= Felix Earle =

Diné (Navajo) fashion designer, lapidary artist and farmer

Felix Earle is a Diné (Navajo) fashion designer, lapidary artist and Indigenous food-security farmer. He lives on the Navajo Nation land (Dinétah) in Ganado, Arizona.

He is of the Tó Dích’íi’nii (Bitter Water clan), born for the Tábąąhí (Waters Edge clan), maternal grandfather is Tsi’naajinii (The Black Streak Running into the Water clan), and paternal grandfather is Dibé Łizhiní (Black Sheep clan).

==Early life==
Earle grew up in a family that farmed from the 1970s until 1985. Life changed in his community when the University of New Mexico opened a satellite campus in Gallup, New Mexico. Because all the adults in his family began attending university after 1985, their farming activity and livestock tapered off, and eventually ended. However their fields, left fallow, remained associated with their family. His grandmother, Helen, safely stored some of the seed stock. It is on this property, belonging to his grandparents, that Earle began his own gardening and farming activities.

==Work==

===Fashion design===
Earle began designing clothing in 1996 when he produced a line of traditional Navajo clothing. His fashion label is Earle Couture that produces custom designed clothing. He believes that fashion has an effect on "society's psychology." His designs are often made from "rich, heavy, saturated fabrics such as lace, velvet, satins and brocades" and prefers natural fibers such as wool, silk and cotton. He does not mass-produce his work, the vast majority (90% of sales) are special ordered and custom made. Earle has also used his tailoring skills for community service. During the COVID-19 pandemic Earle joined with the Warrior Protectors, a group of fellow Native American fashion designers who sewed and distributed protective masks widely and uploaded tutorials on mask-making to the internet.

===Red Earth Gardens===
Earle is a farmer who advocates for Indigenous food security; he provides gardeners with advisement on the use of Indigenous seed stock for growing food crops. He began to farm using "Grandma Helen's Corn" from a handful of heritage seeds that his grandmother stored for 35 years. It is a variety of white corn. Later he founded Red Earth Gardens, and distributed kernels of this variety of corn to other tribal members.

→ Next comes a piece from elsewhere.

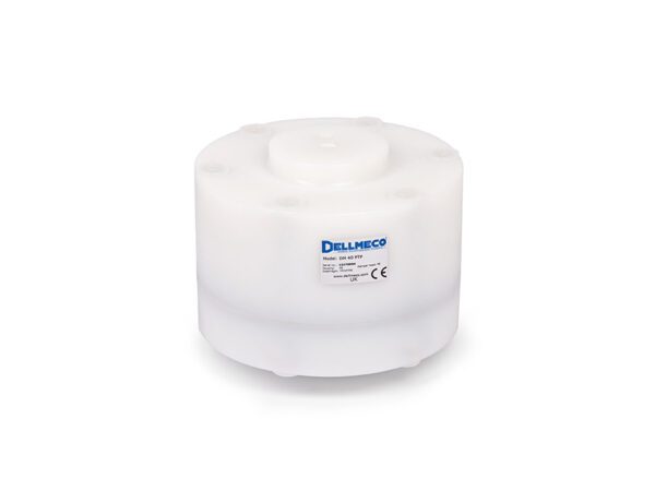 1-1/2″ Dellmeco® air driven pulsation damper. Wetted body construction in Polyethylene c/w PTFE diaphragm. Non-wetted Polyethylene air side (no oil design). Connections 1-1/2″ BSP.
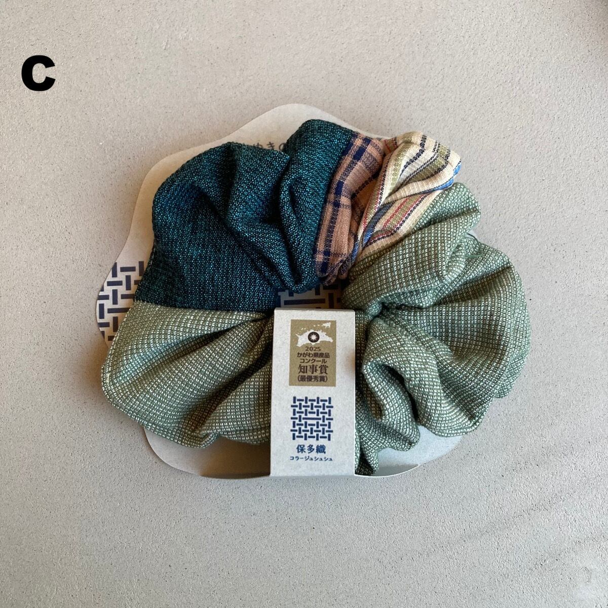 配色が可愛い保多織のシュシュ。

During the COVID-19 pandemic, the Navajo people were significantly affected by the virus. Earle distributed so much corn during the pandemic that he ran out for the first time. Of this he states, "It took a deadly virus to make people realize just how important this is, how important it is to grow your own food." He and fellow gardener Nate Etsitty labored together to rehabilitate the soil at Red Point Farms, with support from the Black Mesa Water Coalition, a not-for-profit agency.

===Jewelry===
Earle's line of stone and shell heishi jewelry is sold under the name of Earle Couture Jewelry.